Canadian Teacher Suspended for Playing Anti-Gay Prank

Jason St. Amand READ TIME: 2 MIN.

A teacher in Canada is defending himself after playing an anti-gay prank on one of his students last year where he put a sticker that reads "I'm gay" on the male student's back, CBC News reports.

Daniel Mark Ogloff, a metal fabrication and machining teacher at Aldergrove Community Secondary School in Langley, British Columbia, says it was just horseplay when he put the note on the grade 11 student's back on Sept. 24, 2013.

Ogloff wrote "I'm gay" on a piece of masking tape and stuck it on the back of a male student's jacket. He let other students take pictures and let the boy leave class, never telling him about the prank. When the teacher defended himself to school officials, he said the incident was just "horseplay."

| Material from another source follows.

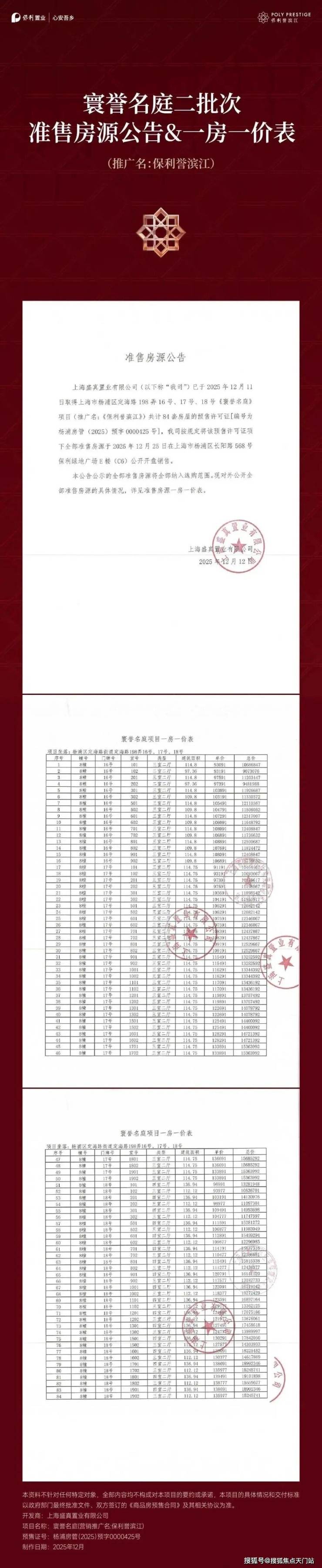 杨浦内中环誉系3.0先锋公园奢宅「保利誉滨江」加推建面约97-137㎡3-4房,均价11.55万/㎡,总价907万起;多阳台、第一界面全铝板+玻璃+石材组合、约3000㎡会所。保利誉滨江售楼处官方电话☎️:400-866-9938(欢迎致电)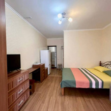 В номере: 2-спальная кровать, диван-кровать, телевизор, холодильник, большая открытая терраса, чайник, посуда, постельное белье и полотенца, туалетные принадлежности.

"Mr. Ogloff, just for a joke, came up and stuck a sticker on his back that said, 'I'm gay lol,' and then didn't think anything of it," an Aldergrave Community Secondary School grade 10 student, who witnessed the incident, told the CBC. "Nobody ever did, because we always mess around with the teacher and he always messes back. Right? It's friendly"

The student also told the news station that the teen was offended and clearly upset. He said the student "walked out of the room and went to the principal and called him. The next day we came to school and Ogloff wasn't there."

This isn't the first time Ogloff has been in hot water. In 2011, he made comments to a seventh grader, and comments he made to a student in grade 12 during class resulted in his receiving a verbal warning and a letter from the school district.

The school district suspended the teacher from work without pay for 10 weeks last November for acting unprofessionally and disrespectfully. He also had to take some courses and meet with the student. The CBC reports the British Columbia Commissioner of Teacher Regulation has now suspended Ogloff's teaching certificate for two weeks. He will not be able to teach from Sept. 22 to Oct. 5.

Martin Rooney, local LGBT activist, told the CBC he was surprised there was no "sensitivity" despite the conversation surrounding around LGBT students. Another activist, Dara Parker, said the teacher's actions were "completely wrong."